Thank you. Color gets darker with age. this is inherited from the Phal stuartiana v nobilis. Most open cream/light yellow but gets darker with age. I like this particular cultivar because the color is very rich, like Papaya


----------



## Brian Monk (Mar 29, 2011)

That yellow/gold is outstanding. REminds me of a really good V. dennisoniana


----------



## smartie2000 (Mar 30, 2011)

Love Gift is so colourful that it doesn't look like a phal!


----------



## Mathias (Mar 30, 2011)

The color on Phalaenopsis Jiaho's Lovely Star is fantastic!


----------



## Shiva (Mar 30, 2011)

Beautiful!


----------



## etex (Mar 30, 2011)

Brian Monk said:


> That yellow/gold is outstanding. REminds me of a really good V. dennisoniana



That's what I was thinking!


----------



## NYEric (Mar 30, 2011)

Thanx for sharing.


----------



## SlipperFan (Mar 30, 2011)

A truly orange Phal? I love it!!! :drool:


----------



## Bolero (Mar 31, 2011)

Very pretty, I wish I could grow these.


----------



## Hera (Mar 31, 2011)

I wish somebody had these available because I keep coming back to this page to drool.


----------



## biothanasis (Mar 31, 2011)

Wonderful all 3!


----------



## W. Beetus (Mar 31, 2011)

Great phals!


----------



## bigleaf (Apr 2, 2011)

Hera said:


> I wish somebody had these available because I keep coming back to this page to drool.

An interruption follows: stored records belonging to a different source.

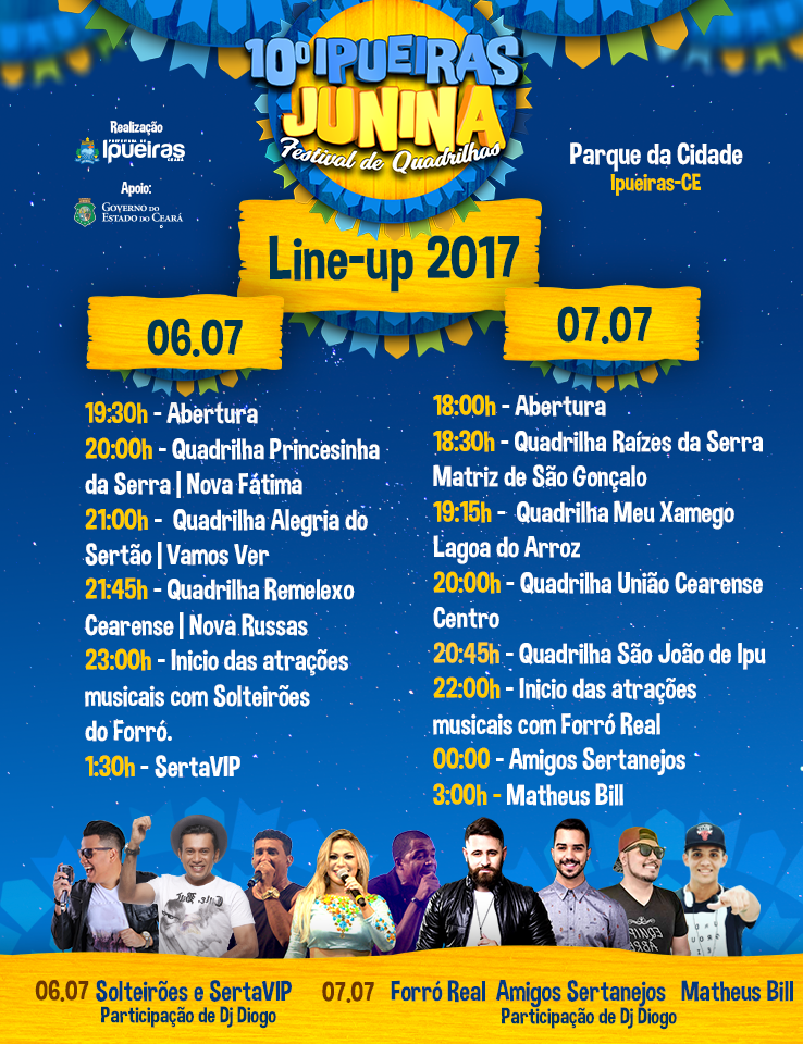 O maior evento da região norte do Estado acontece em Ipueiras nos dias 6 e 7 de julho. Em sua 10ª Edição do Ipueiras Junina, os organizadores esperam um público recorde, com expectativa para 10 mil pessoas.30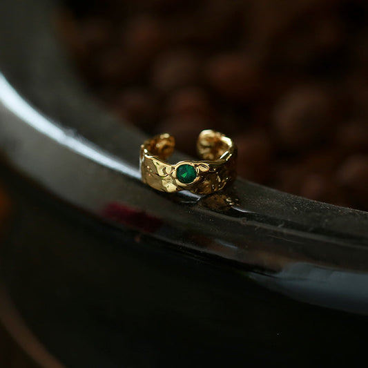 Vintage Emerald Textured Zircon Inlaid Lava Open-end Ring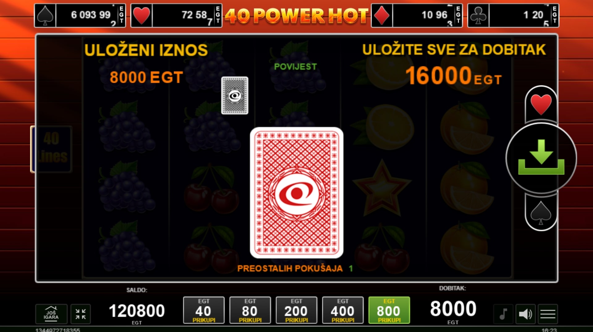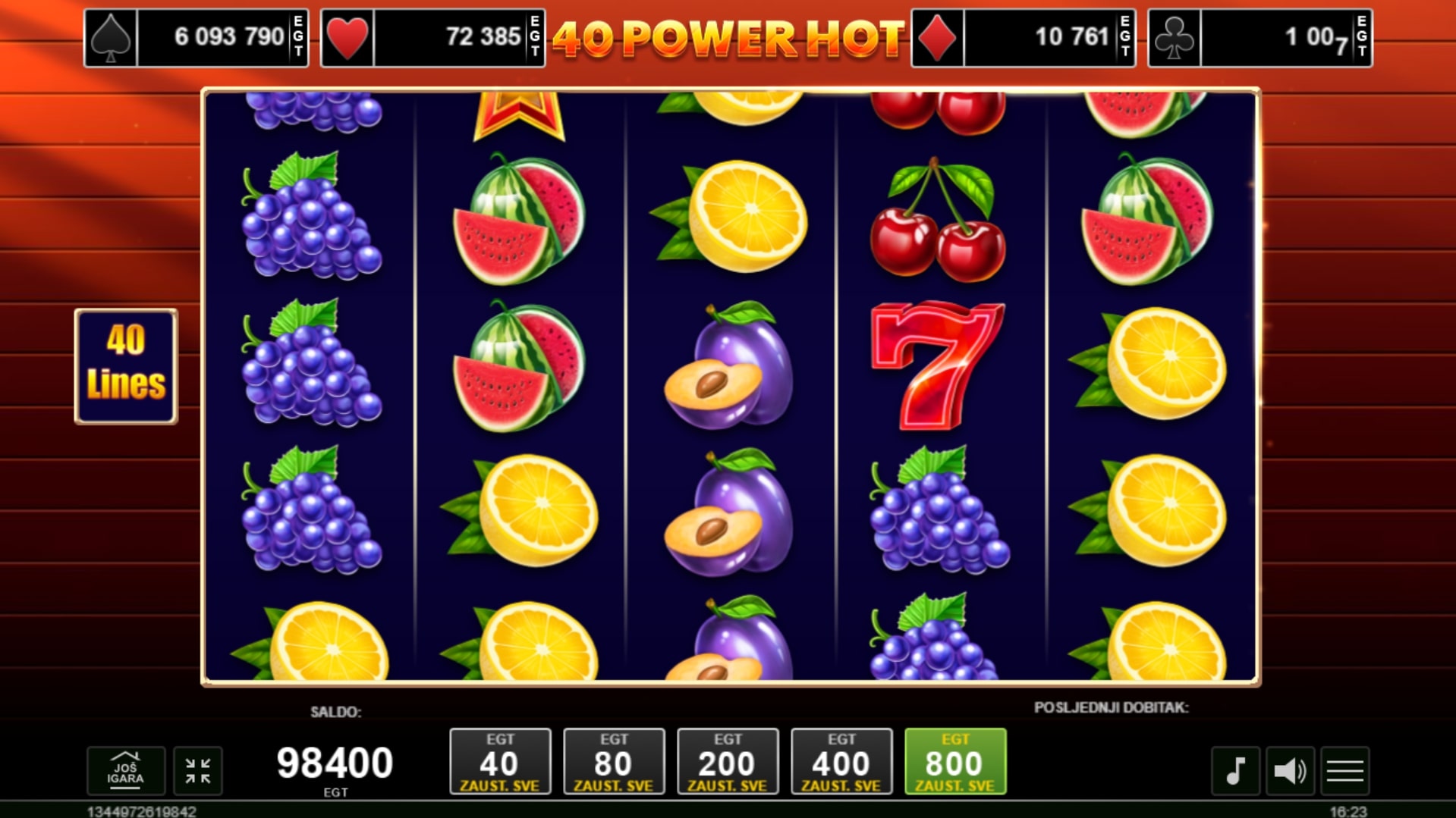 40 Power Hot slot je igra retro tematike koja vodi igrača u klasični svijet igara na sreću. Količinski dominiraju simboli voća kao što su grožđe, lubenice i šljive, a najveće dobitke isplaćuju simboli sedmica i zvijezde. Također, sedmica služi kao zamjena za druge simbole, dok simbol zvijezde isplaćuje dobitke gdje god se našla. U slučaju dobitka, moguće ga je udvostručiti pogađanjem boje karte okrenute licem prema dolje. Zaigraj 40 Power Hot te osvoji super nagrade!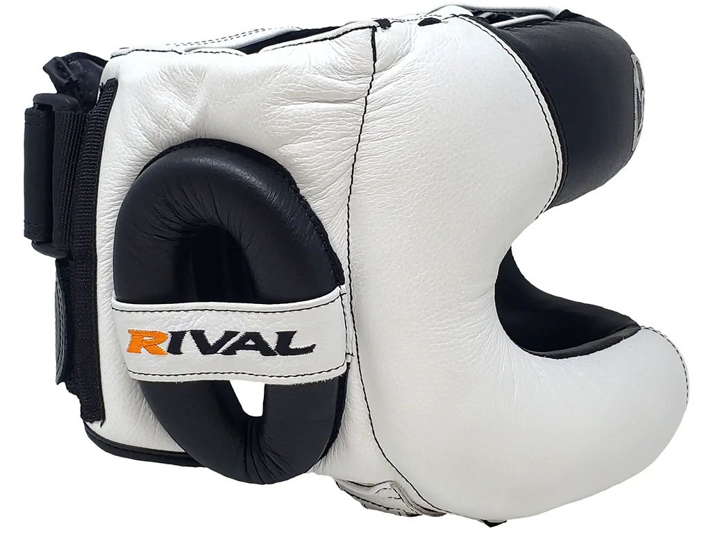 A fully adjustable circular lace on the top and bi-directional hook-and-loop straps at the rear ensure a secure, customized fit. The extra-wide eye opening allows for outstanding forward and peripheral vision, so you can stay aware and react quickly in the ring. A metal chin strap buckle adds strength and reliability, ensuring years of professional-level use. The padded rabbit-punch protector offers additional safety to the back of the head.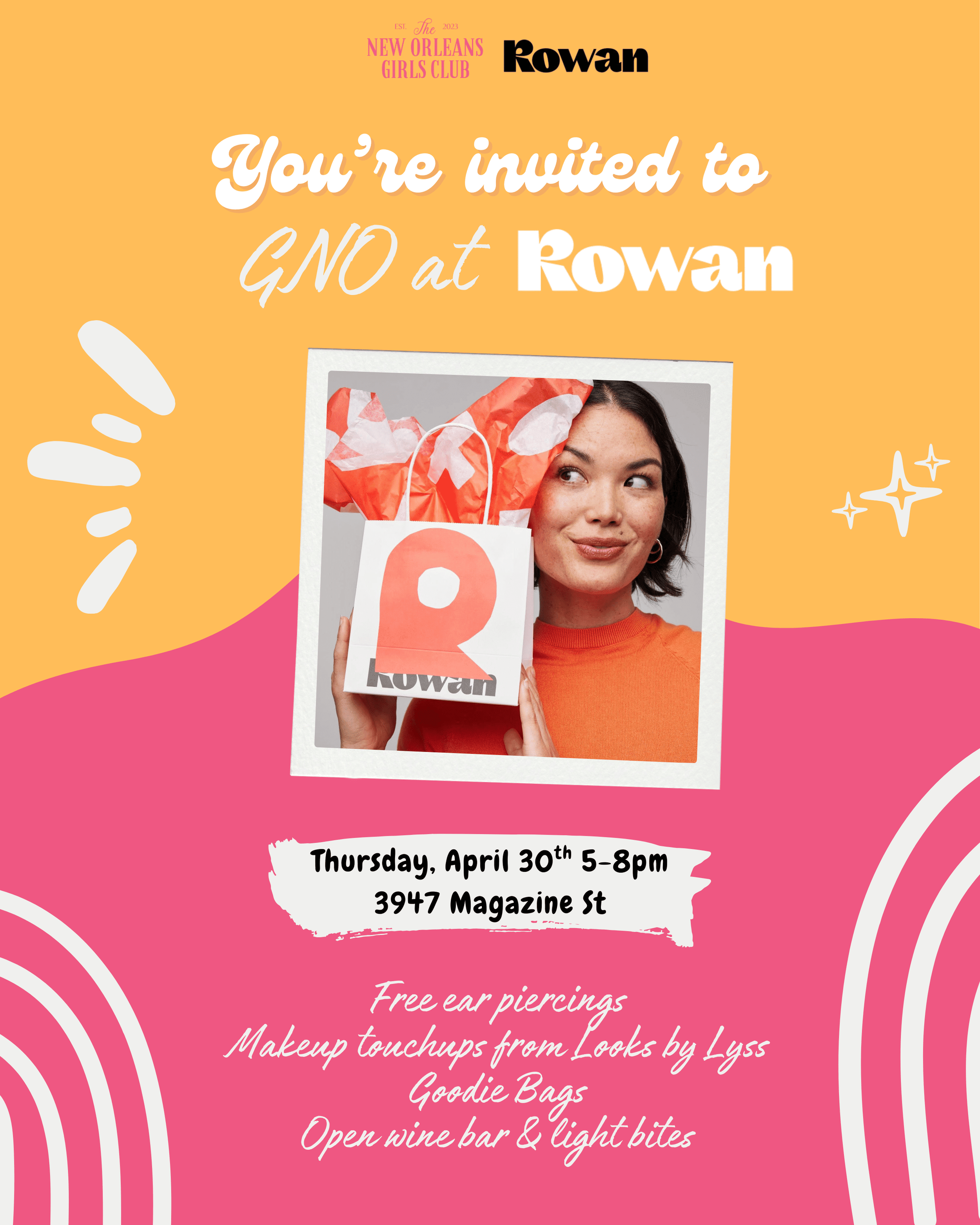 Join us on Thursday April 30th for a GNO party at Rowan! Grab your girls or come solo!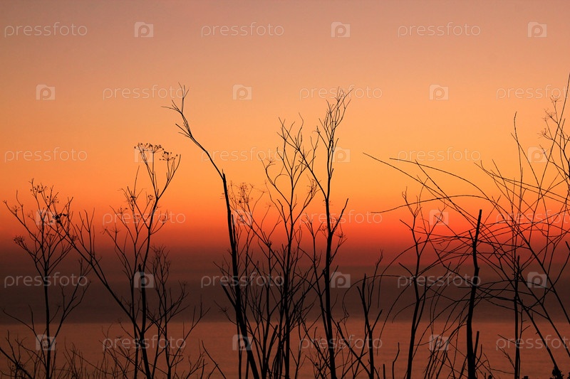 Сухие растения на закате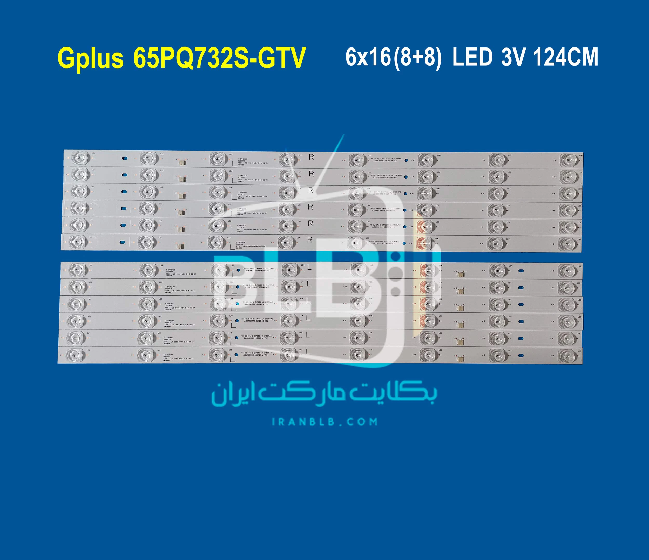 بک لایت تلویزیون جی پلاس 65PQ732S-GTV دارای 6 شاخه می باشد بطوریکه  هر شاخه شامل 16 ال ای دی با ولتاژ 3 ولت است. طول هرشاخه 124 سانتی متر می باشد.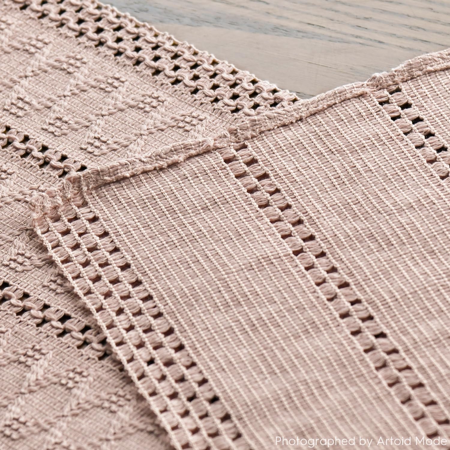 Artoid Mode Pink Farmhouse Woven Rustic Hollow Table Runner, Seasonal Holiday Hollow Kitchen Dining Table Decoration for Home Party Decor 12x90 Inch

Thank you. 2 years ago I tried to have stem props made but nothing came back from the lab. Right now I am using this plant to breed. I hope to have better news to share in the future.


----------



## SlipperFan (Apr 2, 2011)

bigleaf said:


> Thank you. 2 years ago I tried to have stem props made but nothing came back from the lab. Right now I am using this plant to breed. I hope to have better news to share in the future.



Good! Keep us posted.


----------